Essential Architecture-  Egypt

Red Pyramid of Sneferu

architect

unknown

location

Dahshur

date

 2600 BC (during the reign of Old Kingdom Pharaoh Sneferu)

style

Ancient Egyptian

construction

Tallest c. 2600 BC-c. 2570 BC 105 meters (345 ft)

type

Temple Tomb, Mausoleum
 
 
 
 
 
  Detail of the massive corbel-vaulted ceiling of the main burial chamber

The Red Pyramid, named for the light crimson hue of its exposed granite surface, is the largest of the three major pyramids located at the Dahshur necropolis, and the third largest Egyptian pyramid, after those of Khufu and Khafre at Giza. At the time of its completion, it was the tallest man-made structure in the world. It is also believed to be the world's first successful attempt at constructing a "true" smooth-sided pyramid.

The Red Pyramid was not always red. It used to be cased with white Tura limestone, but only a few of these now remain at the pyramid's base on the corner. During the Middle Ages much of white Tura limestone was taken for buildings in Cairo, revealing the reddish pinkish limestone.

History
It was constructed during the reign of Old Kingdom Pharaoh Sneferu, whose final resting place some suggest it may have been, and is located approximately one kilometer to the north of the Bent Pyramid. It is built at the same shallow 43 degree angle as the upper section of the Bent Pyramid, which gives it a noticeably squat appearance compared to other Egyptian pyramids of comparable scale.

Archaeologists speculate that the reason for this may be an outcome of engineering crises experienced during the construction of Sneferu's two earlier pyramids. The first of these, the Pyramid at Meidum collapsed in antiquity, while the second — the Bent Pyramid — had the angle of its inclination dramatically altered — from 54 to 43 degrees — part-way through construction.

Some archaeologists now believe that the Meidum pyramid was the first attempt at building a smooth-sided pyramid, and that it may have collapsed when construction of the Bent Pyramid was already well underway — and that that pyramid may by then have already begun to show alarming signs of instability itself, as evidenced by the presence of large timber beams supporting its inner chambers. The outcome of this was the change in inclination of the Bent Pyramid, and the commencement of the later Red Pyramid at an inclination known to be less susceptible to instability and therefore less susceptible to catastrophic collapse.

Modern day
The Red Pyramid is 104 m in height (341 feet). A rare pyramidion, or capstone, for the Red Pyramid has been uncovered and reconstructed, and is now on display at Dahshur — however whether it was actually ever used is unclear, as its angle of inclination differs from that of the pyramid it was apparently intended for.

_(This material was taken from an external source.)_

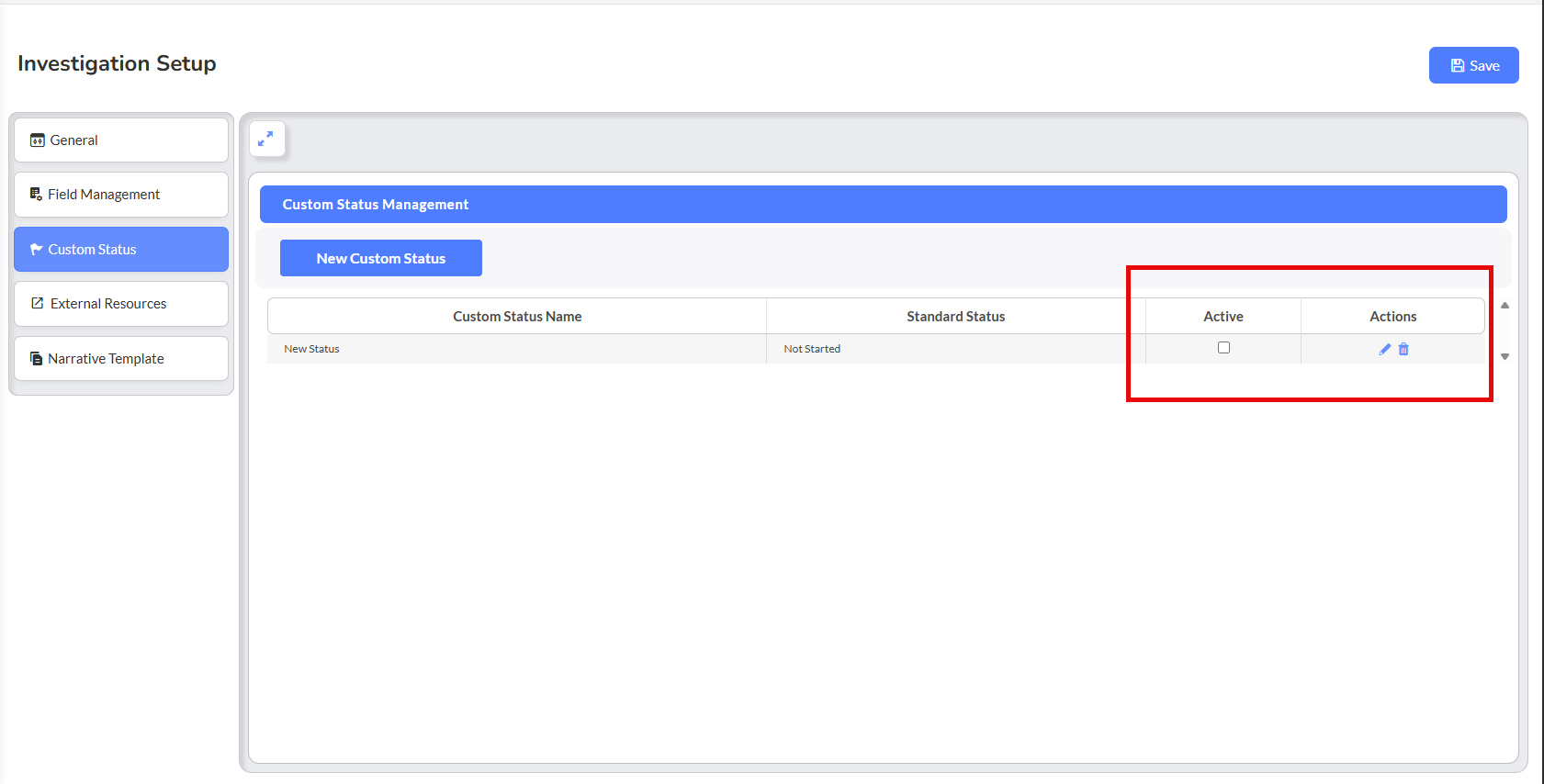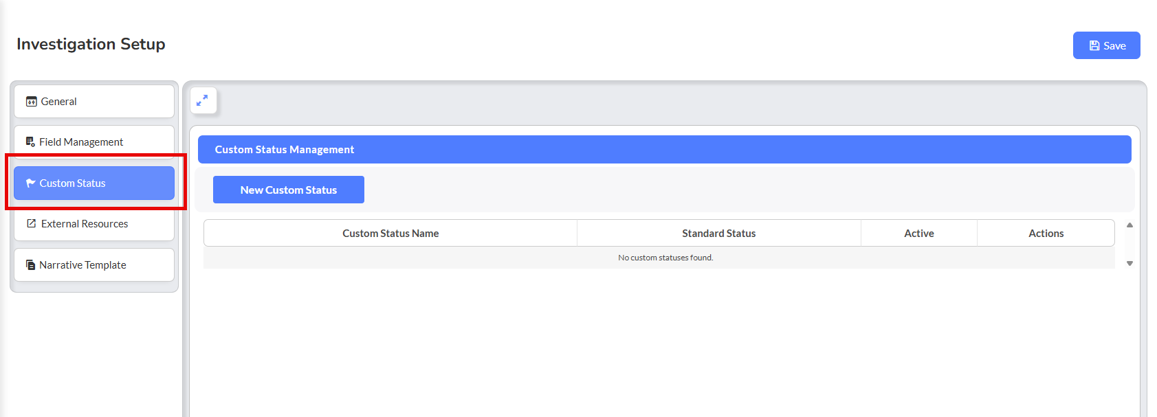 What - A new Custom Status configuration has been added under Field Management, allowing agencies to create their own investigation statuses in addition to the platform's standard lifecycle statuses (Not Started, In Progress, Pending Authorization, and Authorized). Users can define custom status names, associate them with standard statuses, and manage their active state through a dedicated interface that includes options to create, edit, activate, and delete custom statuses as needed.

The Red Pyramid is one of the very few Egyptian pyramids to which members of the general public can gain comparatively unregulated interior access. An entrance high on the north side gives access to a 200 foot (62m) long passage that is inclined downwards at an angle of around 27°. The passage itself measures only approximately three feet (91cm) in height and approximately four feet (1.23m) in breadth. At the bottom of the passage is a short corridor leading to the first chamber which rises to a height of 40 feet (12.3m). It boasts a fine eleven-course corbel-vaulted ceiling. At the southern end of the chamber another short corridor leads to the second chamber, which has similar dimensions to the first and also features a corbelled ceiling. This chamber lies directly beneath the apex of the pyramid. A wooden staircase of modern construction at the southern end of this chamber leads to a third and final chamber, which is believed to be the burial chamber. This also features a corbelled ceiling rising to around 15 m (50 feet). Local residents refer to the Red Pyramid as el-haram el-watwat, meaning the Bat Pyramid

 
Just next to the Red Pyramid is the Bent-Pyramid of King Sneferu

The first attempt to build a smooth sided pyramid - which has withstood the test of time - was by King Sneferu (2613-2589 BC) at Dahshur, just to the south of the main pyramids at Giza. It is known as the Bent-Pyramid due to the way the architects changed the angles of the sides halfway through.

No one really knows the reason for this but one suggestion is that a nearby pyramid at Meidum, which was also being built with smooth sides, collapsed while the Bent-Pyramid was being built. This prompted the architects to realise their mistake and change the angle of the sides. Had the original angle been completed it would have surely collapsed at some point.